Вечер тянулся медленно, единственным развлечением были газеты; время от времени Рене поглядывала на меня, улыбаясь сочувственной, заговорщицкой улыбкой, беззвучно спрашивая: "Больно? Не легче?", – очевидно, чтобы показать, что из-за моей "раны" мне прощен вчерашний день.
Я волновался за Мари-Ноэль. Она могла забрать себе в голову, что должна обречь себя на еще какой-нибудь мученический подвиг: надеть на шею железный ошейник или спать на гвоздях, поэтому в половине десятого я попрощался с Рене и Полем и пошел наверх. Направился прямо в башенную комнатку и распахнул дверь. В комнате было темно, и, нащупав выключатель, я зажег свет.
Девочка стояла на коленях у аналоя, сжимая четки, и я понял, что нечаянно прервал молитву.
– Извини, – сказал я. – Я приду, когда ты кончишь.
Мари-Ноэль обратила ко мне отрешенный взгляд, подняв руку, чтобы я молчал. Я стоял в ожидании, не зная, чего она хочет: чтобы я погасил свет или оставил его гореть. Но вот девочка перекрестилась, положила четки у ног Мадонны, встала с колен и забралась под одеяло.
– Я представляла Страсти Господни, – сказала она, – это всегда приводит меня к такому состоянию духа, какое нужно для мессы. Тетя Бланш говорит: если думаешь о посторонних вещах, вспоминай о Страстях Господних.
– А о чем ты думала? – спросил я.
– Утром я думала об охоте, о том, какое нас ждет удовольствие. А потом весь день думала о тебе.
В ее глазах было не столько беспокойство, сколько недоумение. Я облегченно вздохнул. Я не хотел ее напугать.
– Обо мне волноваться нечего, – сказал я, подтягивая одной рукой одеяло. – Рука уже куда лучше, и доктор Лебрен обещает, что через несколько дней все пройдет. Глупый случай – надо же было часам упасть в костер… Как я мог забыть, что ремешок еле держится…

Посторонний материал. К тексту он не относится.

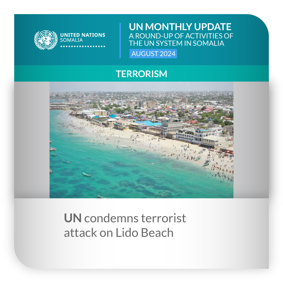 ![]() | Terrorism | UN condemns terrorist attack on Lido Beach The United Nations in Somalia strongly condemned the Al-Shabaab terrorist attack that took place at Mogadishu’s Lido Beach in early August, reportedly killing at least 32 people and injuring many more. In a statement, the United Nations in Somalia expressed its deepest condolences to the families of the victims and wished a speedy recovery for the injured. “Lido Beach is a popular place for Somalis to spend time with family and friends and enjoy the beauty of the Somali coastline. Targeting this location is an abhorrent act that warrants the firmest condemnation,” the UN Secretary-General’s Acting Special Representative for Somalia, James Swan, said in a statement. “As we join all peace-loving Somalis in mourning this sad loss, I reaffirm the United Nations’ support for and solidarity with the Federal Government of Somalia in its efforts to ensure peace, security, and stability in the country,” he added. | |

– Но часы и не падали в костер, – сказала Мари-Ноэль.
– То есть как – не падали? Она глядела на меня в замешательстве, дергая простыню, лицо ее залила краска.
– Я была в голубятне, – сказала она. – Я забралась на самый верх и глядела наружу через дырочку возле входа для голубей. Я видела, как ты шел по аллее, размахивая часами. Я хотела тебя позвать, но у тебя был такой серьезный вид, что я передумала. Ты постоял немного у костра и вдруг кинул часы в самую середину. Там не было никакого дыма. Ты сделал это нарочно.
Зачем?
Глава 16
Я сел на стул возле кровати. Так было легче говорить, чем стоя.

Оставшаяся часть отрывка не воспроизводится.